Consider a circuit with an input voltage, a resistor, and a capacitor, as shown in
• Imagine that the input voltage initially has size 12 volts at t = 0. At t = 10 it
drops down to a value of 5 volts, which it then maintains indefinitely. Setting
R = 3 and C = 2 formulate an ODE that describes the voltage across the
capacitor over time.
• Solve the ODE using Laplace Transforms.
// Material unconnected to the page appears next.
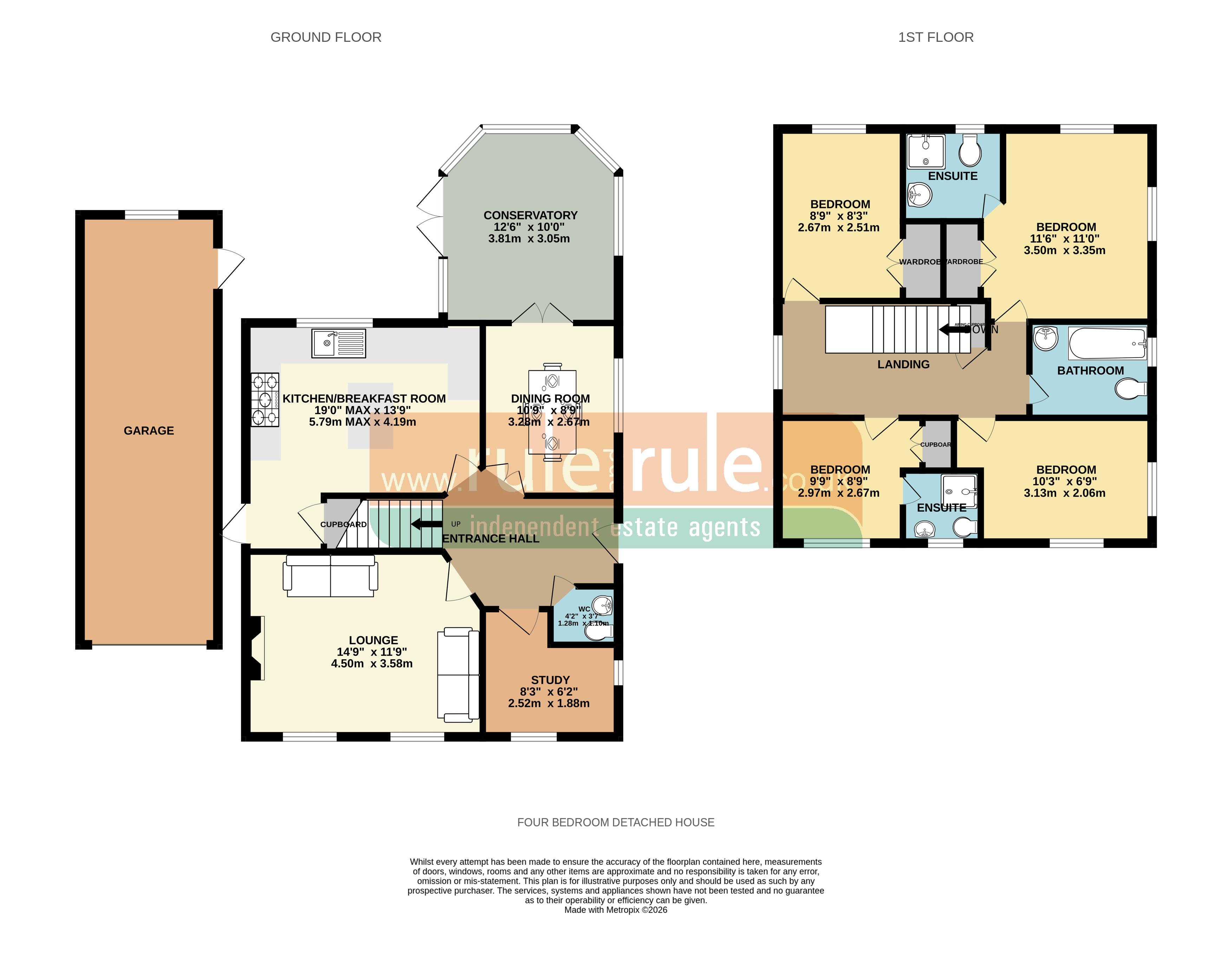 Upstairs, you’ll find four good-sized bedrooms, two of which enjoy their own en-suite shower rooms, along with a modern family bathroom.

To formulate the ODE that describes the voltage across the capacitor over time, we can apply Kirchhoff's voltage law (KVL) to the circuit.
Let's denote the voltage across the capacitor as Vc(t).
At t = 0, the initial input voltage is 12 volts. According to KVL, the voltage across the resistor is equal to the voltage across the capacitor at any given time. Therefore, at t = 0, Vc(0) = 12 volts.
From t = 0 to t = 10, the voltage drops from 12 volts to 5 volts, which implies that there is a change in voltage Vc(t) of 12 - 5 = 7 volts. We can now set up an equation to describe this change in voltage over time.
Let's denote the time constant of the RC circuit (the product of resistance and capacitance) as τ = R * C.
During the initial decay phase (t < 10), the rate of change of the voltage across the capacitor is governed by the equation:
dVc(t) / dt = - (Vc(t) - 5) / τ
After t = 10, the voltage across the capacitor remains constant at 5 volts. Therefore, the rate of change becomes zero, and the equation simplifies to:
dVc(t) / dt = 0
Now, let's solve the ODE using Laplace Transforms.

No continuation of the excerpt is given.